Work task: Would it be possible to write out each entry below exactly, without the pictures?

Data provided:
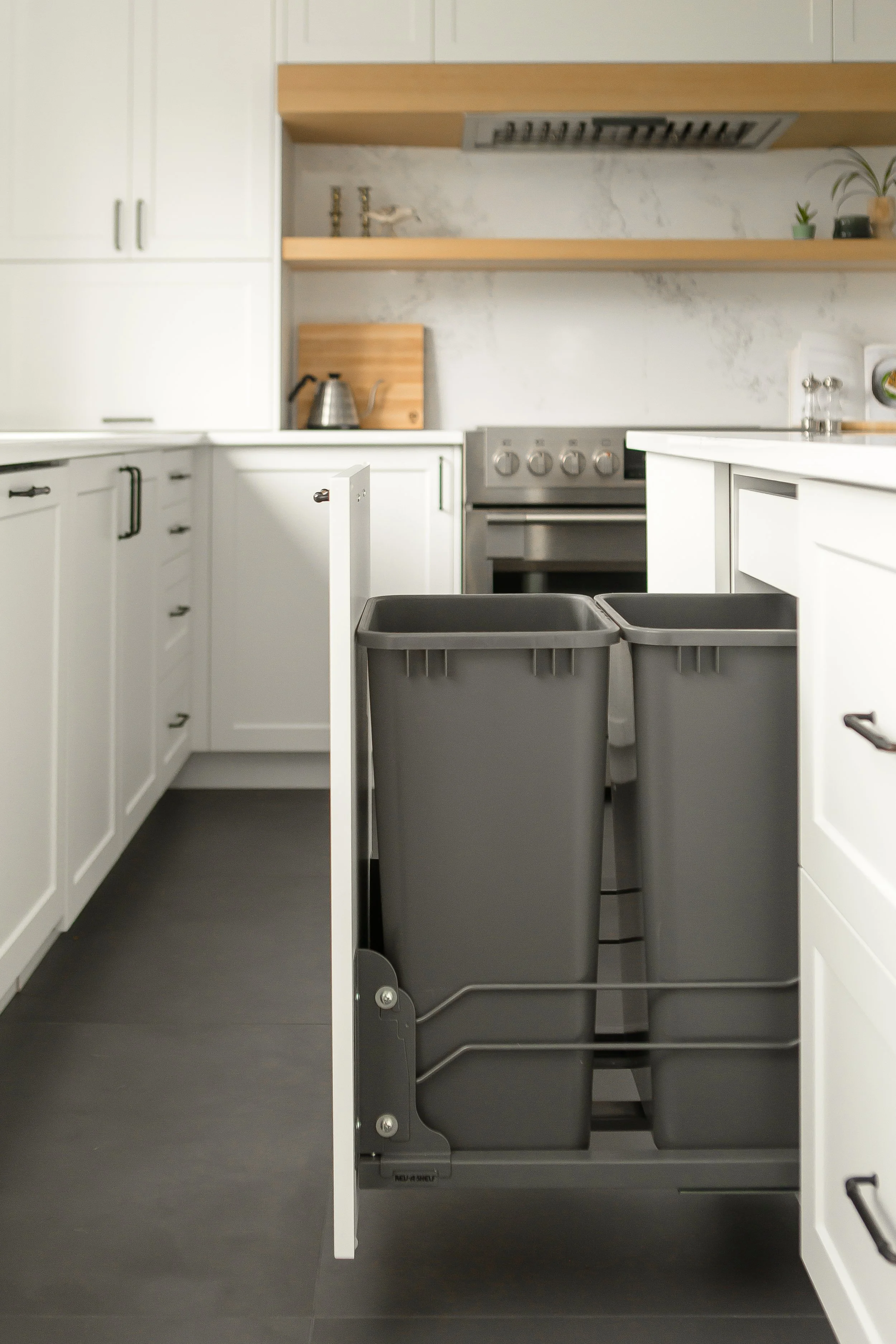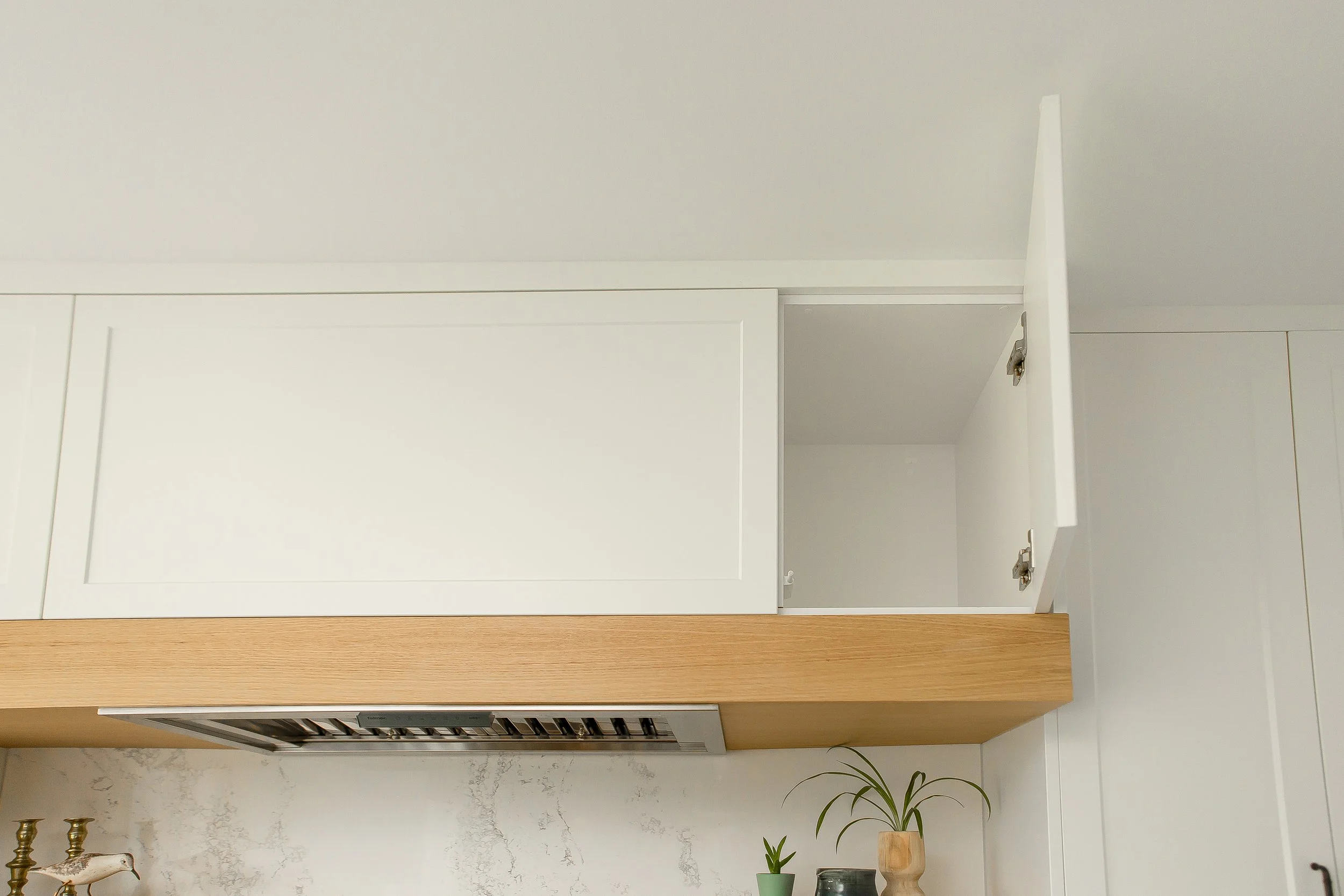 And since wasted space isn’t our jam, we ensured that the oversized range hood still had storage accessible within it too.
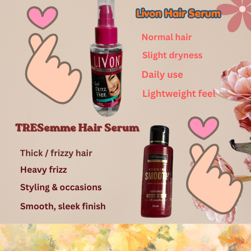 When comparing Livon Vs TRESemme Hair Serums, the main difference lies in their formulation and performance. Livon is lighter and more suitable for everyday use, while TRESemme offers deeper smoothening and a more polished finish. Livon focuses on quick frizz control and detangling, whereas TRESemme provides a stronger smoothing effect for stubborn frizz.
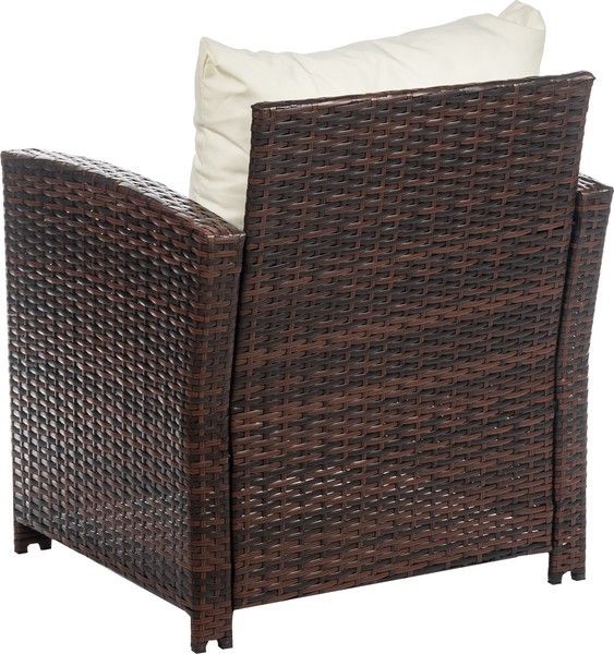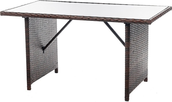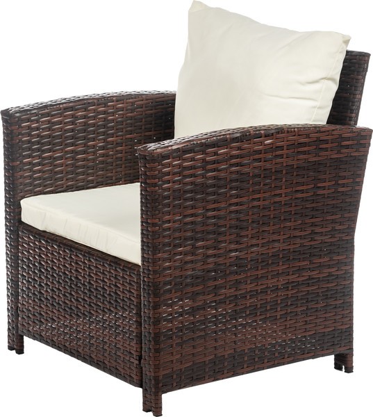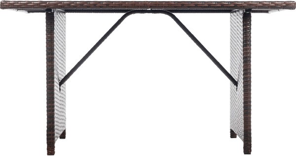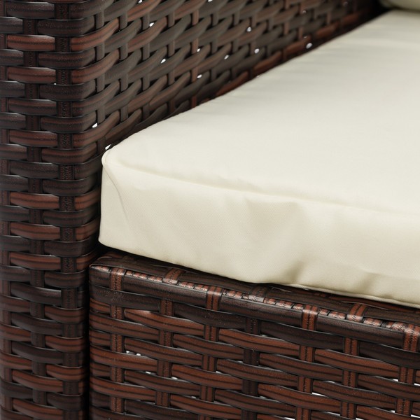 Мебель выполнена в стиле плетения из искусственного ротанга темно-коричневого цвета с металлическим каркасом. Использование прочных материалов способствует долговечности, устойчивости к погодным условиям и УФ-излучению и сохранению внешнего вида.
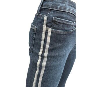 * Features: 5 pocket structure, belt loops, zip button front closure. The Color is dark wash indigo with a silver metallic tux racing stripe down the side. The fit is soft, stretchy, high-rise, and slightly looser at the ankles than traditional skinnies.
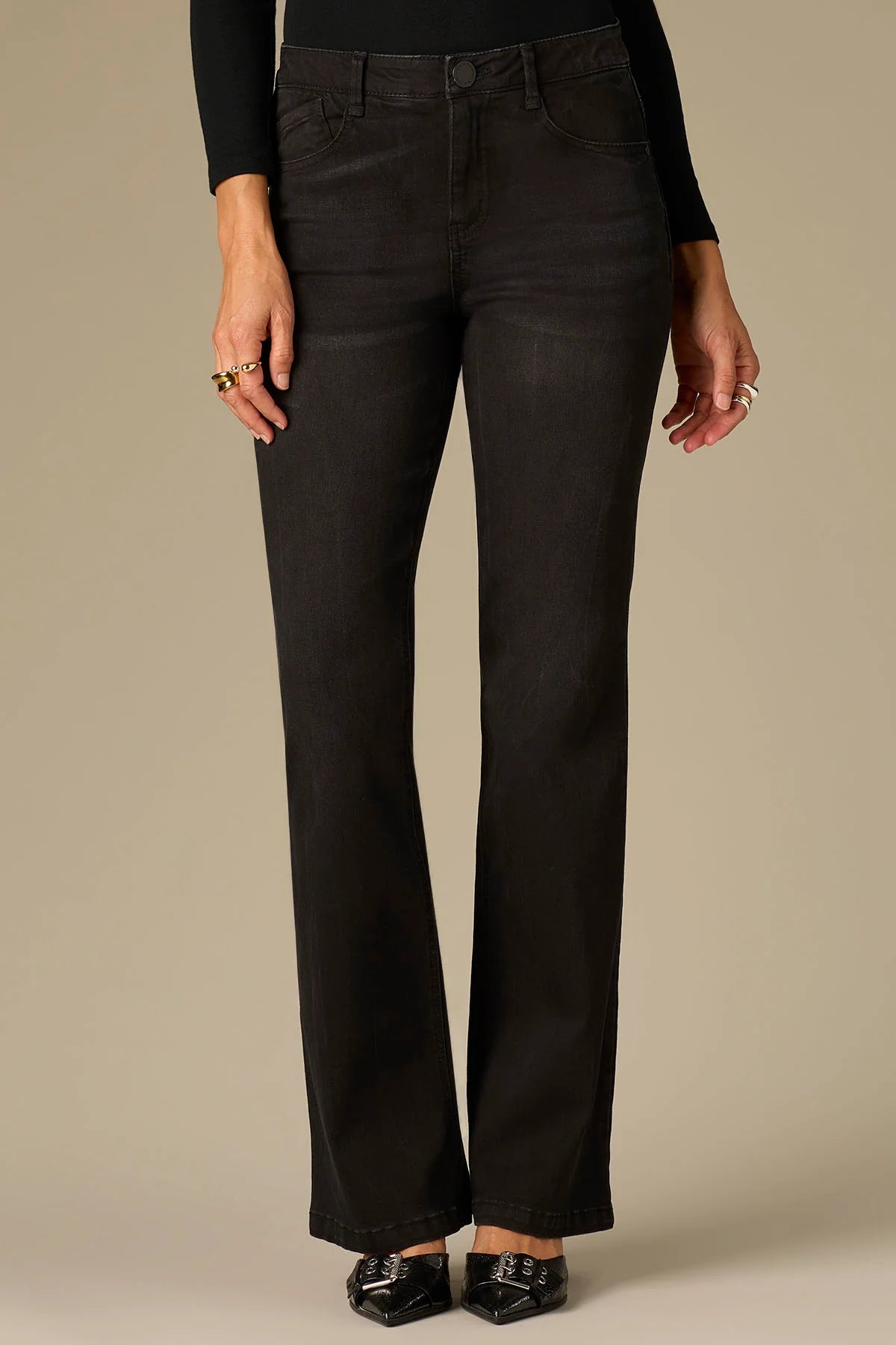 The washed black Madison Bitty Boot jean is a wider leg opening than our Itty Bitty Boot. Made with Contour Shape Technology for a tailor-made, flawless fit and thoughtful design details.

Written answer:
 And since wasted space isn’t our jam, we ensured that the oversized range hood still had storage accessible within it too.
 When comparing Livon Vs TRESemme Hair Serums, the main difference lies in their formulation and performance. Livon is lighter and more suitable for everyday use, while TRESemme offers deeper smoothening and a more polished finish. Livon focuses on quick frizz control and detangling, whereas TRESemme provides a stronger smoothing effect for stubborn frizz.
 Мебель выполнена в стиле плетения из искусственного ротанга темно-коричневого цвета с металлическим каркасом. Использование прочных материалов способствует долговечности, устойчивости к погодным условиям и УФ-излучению и сохранению внешнего вида.
 * Features: 5 pocket structure, belt loops, zip button front closure. The Color is dark wash indigo with a silver metallic tux racing stripe down the side. The fit is soft, stretchy, high-rise, and slightly looser at the ankles than traditional skinnies.
 The washed black Madison Bitty Boot jean is a wider leg opening than our Itty Bitty Boot. Made with Contour Shape Technology for a tailor-made, flawless fit and thoughtful design details.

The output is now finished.